Célia demorou a perceber o que ocorria. Apesar da forte dor, que ela compara à “sensação de uma bola de ferro no peito”, ela não procurou um médico imediatamente. Decidiu ir para casa. “Quando me deitei, aquela bola de ferro dissolveu. E aí eu não podia respirar. Liguei para minha irmã, que é enfermeira, e ela perguntou o que eu estava sentindo. Disse que sentia enjoo e dor no peito, e ela então me disse que eu estava infartando e que deveria correr ao hospital”, completou Célia. Veja também: "Me assustei, tive medo", diz Solange Couto sobre infarto
A professora então procurou atendimento na emergência do Hospital das Clínicas, na zona oeste da capital paulista. Um primeiro eletrocardiograma feito no local não constatou alteração alguma, mas o médico que a atendeu fez novos exames, identificou que ela estava mesmo sofrendo um infarto e a encaminhou imediatamente ao Instituto do Coração (Incor) do Hospital das Clínicas da Faculdade de Medicina da Universidade de São Paulo. Foi lá que Célia aceitou ser voluntária para uma pesquisa que está sendo desenvolvida por médicos do Incor e que pode inovar a forma de tratar o infarto agudo do miocárdio.
Pesquisa
Desde 2014, uma equipe de pesquisadores do Incor, liderada pelo médico Wilson Mathias Júnior, diretor do Serviço de Ecocardiografia do instituto, estuda a aplicação de um método de diagnóstico já consagrado, o ultrassom com microbolhas, para tratamento do infarto do miocárdio em fase aguda, em até 12 horas após o início da dor. Ou seja, o ultrassom com microbolhas que antes era usado apenas para diagnóstico, agora passa a ser uma etapa do tratamento para o infarto do miocárdio.
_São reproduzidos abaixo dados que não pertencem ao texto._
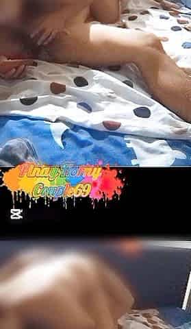 Cuckold filming his wife rubbing a stranger's weenie in her hair
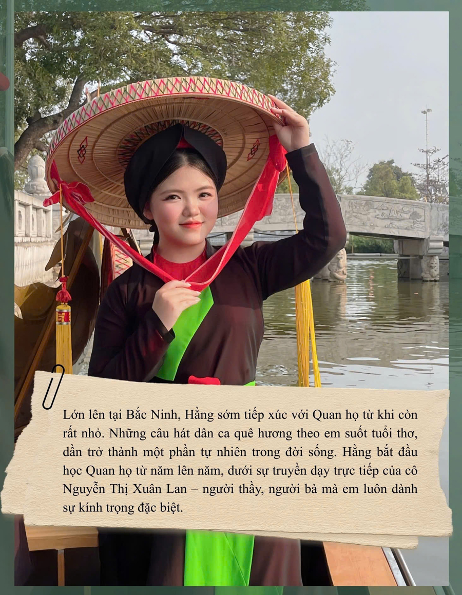 Với Hằng, đó không chỉ là mối quan hệ thầy – trò, mà còn là sự gắn bó bền chặt giữa hai thế hệ cùng chung một tình yêu với Quan họ. Những làn điệu Quan họ đã ngấm vào Hằng từ sớm, khiến việc học hát diễn ra tự nhiên. Nhưng điều quan trọng hơn là nền tảng mà cô Lan đặt cho em – không chỉ kỹ thuật, mà cả thái độ đối với Quan họ: sự trân trọng, khiêm nhường và ý thức trách nhiệm khi mang trên mình câu hát quê hương.
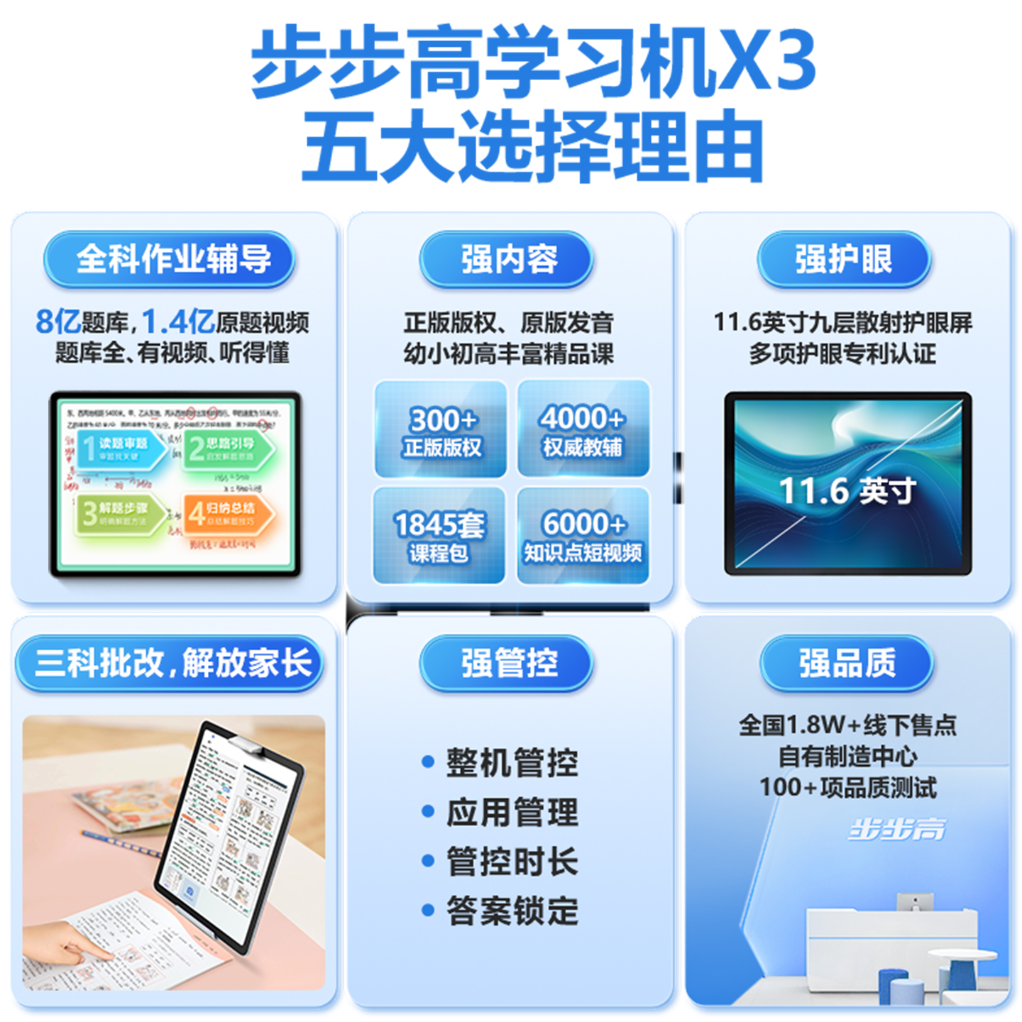 【官方旗舰】步步高学习机X3洪恩版学练家教机ai智能批改原题一年级到六年级英语专用小学初中高中通用正品
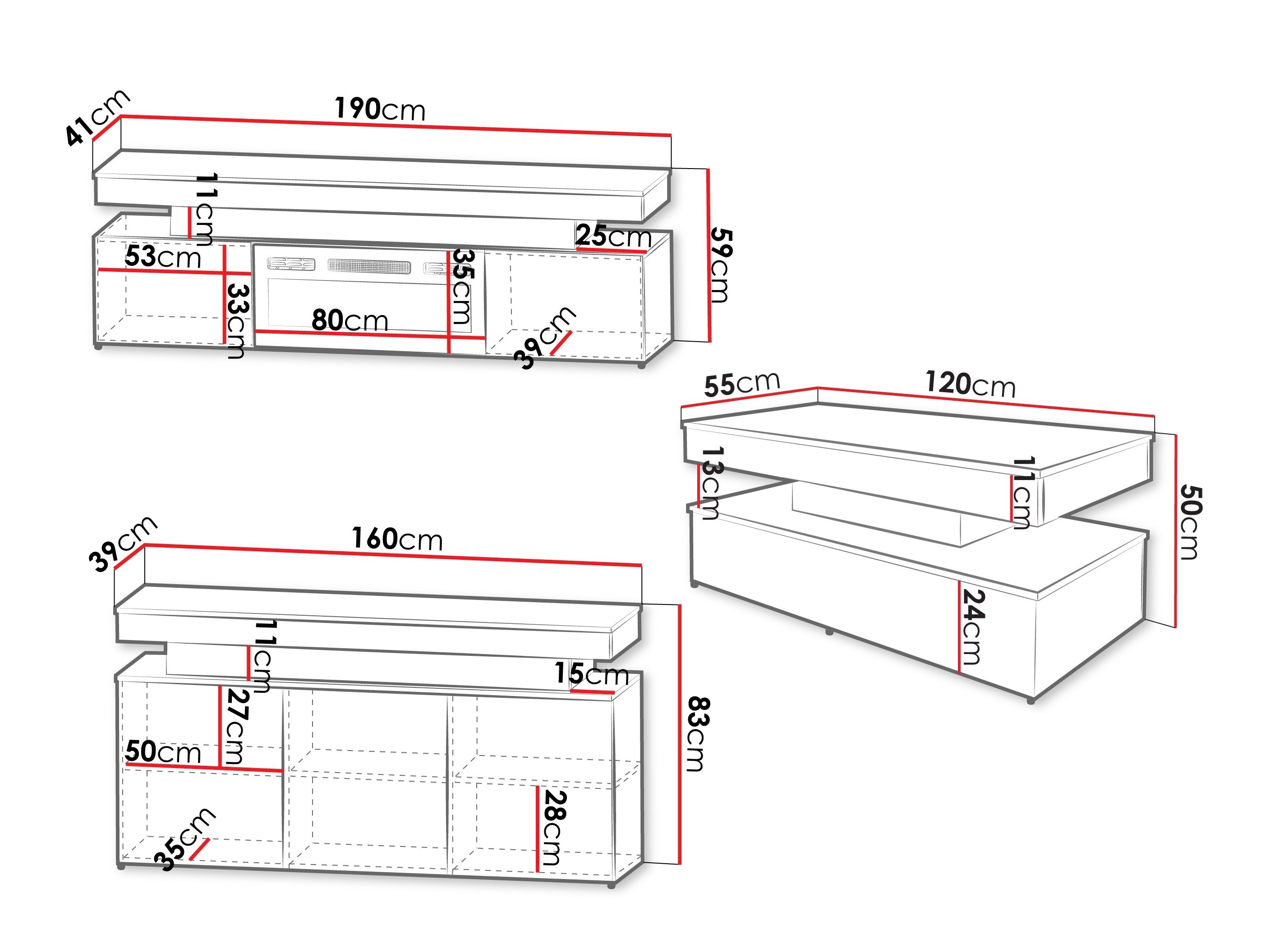 Dimenzije TV stola:
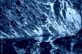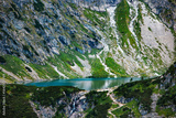 Mountain lake at the base of steep rocky slopes with green patches and a small waterfall
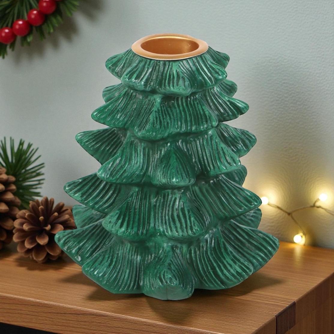 This green fir tree resin candle holder includes a matching taper candle, making it a stunning festive centrepiece for adding a warm, seasonal glow to any space. A great addition to Christmas tablescapes or as a thoughtful gift for winter lovers.
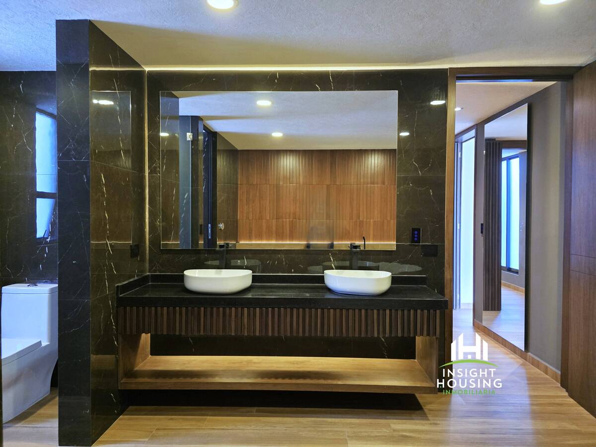 RECAMARA PRINCIPAL CON TERRAZA, MUEBLE DE TV, 2 VESTIDORES PARA EL Y ELLA CADA UNO CON TOCADORES, ESPEJOS DE VANIDAD, ESPEJOS DE CUERPO COMPLETO ISLAS Y ZAPATERAS, BAÑO COMPLETO CON DOBLE LAVABO, TINA DE BAÑO, TORRE DE REGADERA CON VAPOR EQUIPO INCLUIDO, Y WC INDEPENDIENTE.
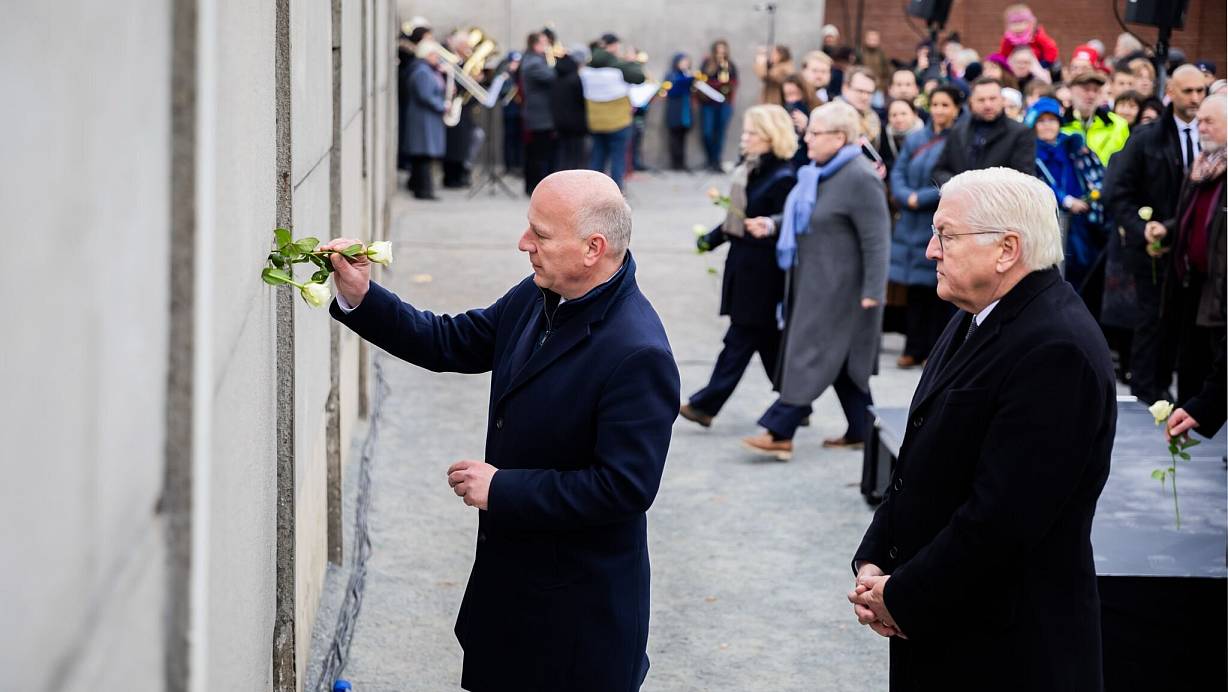 Während der Feierstunde steckten die Teilnehmenden, darunter Angehörige von Mauer-Opfern, Bürgerrechtler und Jugendliche aus Polen, Frankreich und Norwegen, Rosen in einen Spalt der noch erhaltenen Mauer an der Bernauer Straße - auch um an die Opfer zu erinnern.
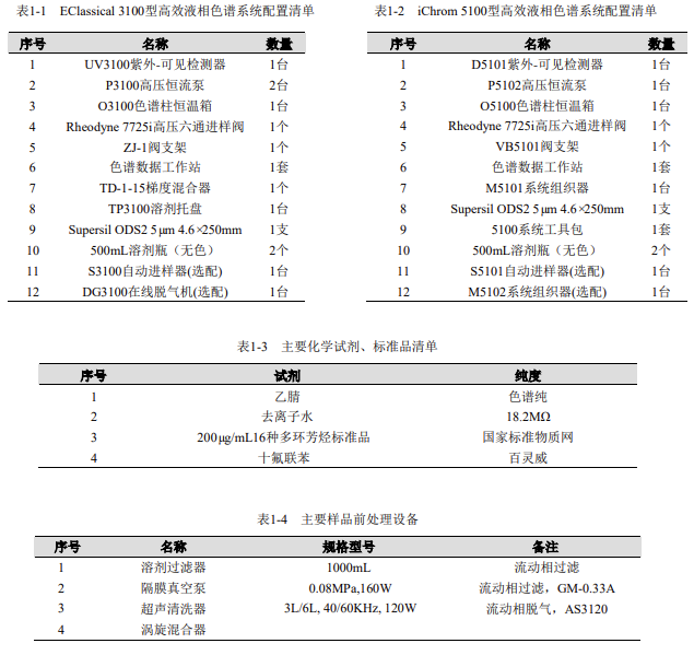 5.2 儀器設備與試劑 (液液萃取 - HPLC 法) .................................................... 24
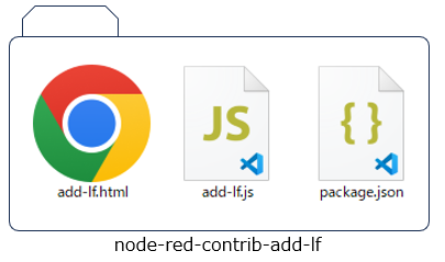 カスタムノードを作成するためのフォルダ、例えばhome直下に空のフォルダを作成し、[node-red-contrib-add-lf]という名称にして、フォルダ内にadd-lf.js とadd-lf.htmlの2つのファイルを作成します。w

“As microbolhas foram inventadas, há mais de dez anos, pensando-se em melhorar o diagnóstico médico por ultrassom. Posteriormente, descobriu-se que, quando você intensifica uma região que contém microbolhas, elas vibram e, por vezes, elas explodem. É uma microexplosão, mas quando ela se rompe, forma um pequeno jato – como se você furasse uma bola de futebol e saísse um pequeno jato de ar – e esse microjato tem efeitos biológicos. Um desses efeitos é que, se ele está dentro de um trombo [coágulo], é como se fosse uma microdinamite que vai explodir, e cada bolhinha que explode lá dentro vai abrindo uma cavidade no trombro e vai causando a trombólise por ultrassom”, explicou o médico.
O estudo, foi feito com 42 pacientes do Incor até o momento, constatou que os pacientes submetidos ao tratamento com o ultrassom de microbolhas tiveram índices maiores de abertura da artéria obstruída e de recuperação do miocárdio em processo de infarto, quando comparados aos pacientes que não passaram pela técnica.
Atualmente, o tratamento aplicado para esse tipo de caso é a angioplastia primária: "Desobstrução mecânica da artéria coronária por um catéter nas primeiras seis horas ou até 12 horas do início da dor no peito”, ecplica o médico. No entanto, a angioplastia primária só é feita em poucos hospitais brasileiros, onde há estrutura para isso. Na maioria dos hospitais do país, portanto, o tratamento para o infarto agudo do miocárdio consiste na introdução de substâncias que dissolvem o coágulo, chamadas fibrinolíticos. Esses medicamentos têm uma eficácia, segundo o médico, em torno de 60% e provocam riscos de hemorragias. “Mas no balanço entre risco e benefício, como o dano do infarto é muito grande, o risco acaba compensando”, explicou.
Ultrassom com microbolhas
O ultrassom com microbolhas consiste em um gás perfluorocarbono que é encapsulado por camada de lipídios. O procedimento não é tóxico e é um método fácil de ser aplicado por profissionais de saúde. As bolhas, que circulam no sangue por cerca de 20 minutos, têm cerca de dois micra de diâmetro, três vezes menor que uma célula vermelha (hemácia), que tem cerca de seis micra de diâmetro.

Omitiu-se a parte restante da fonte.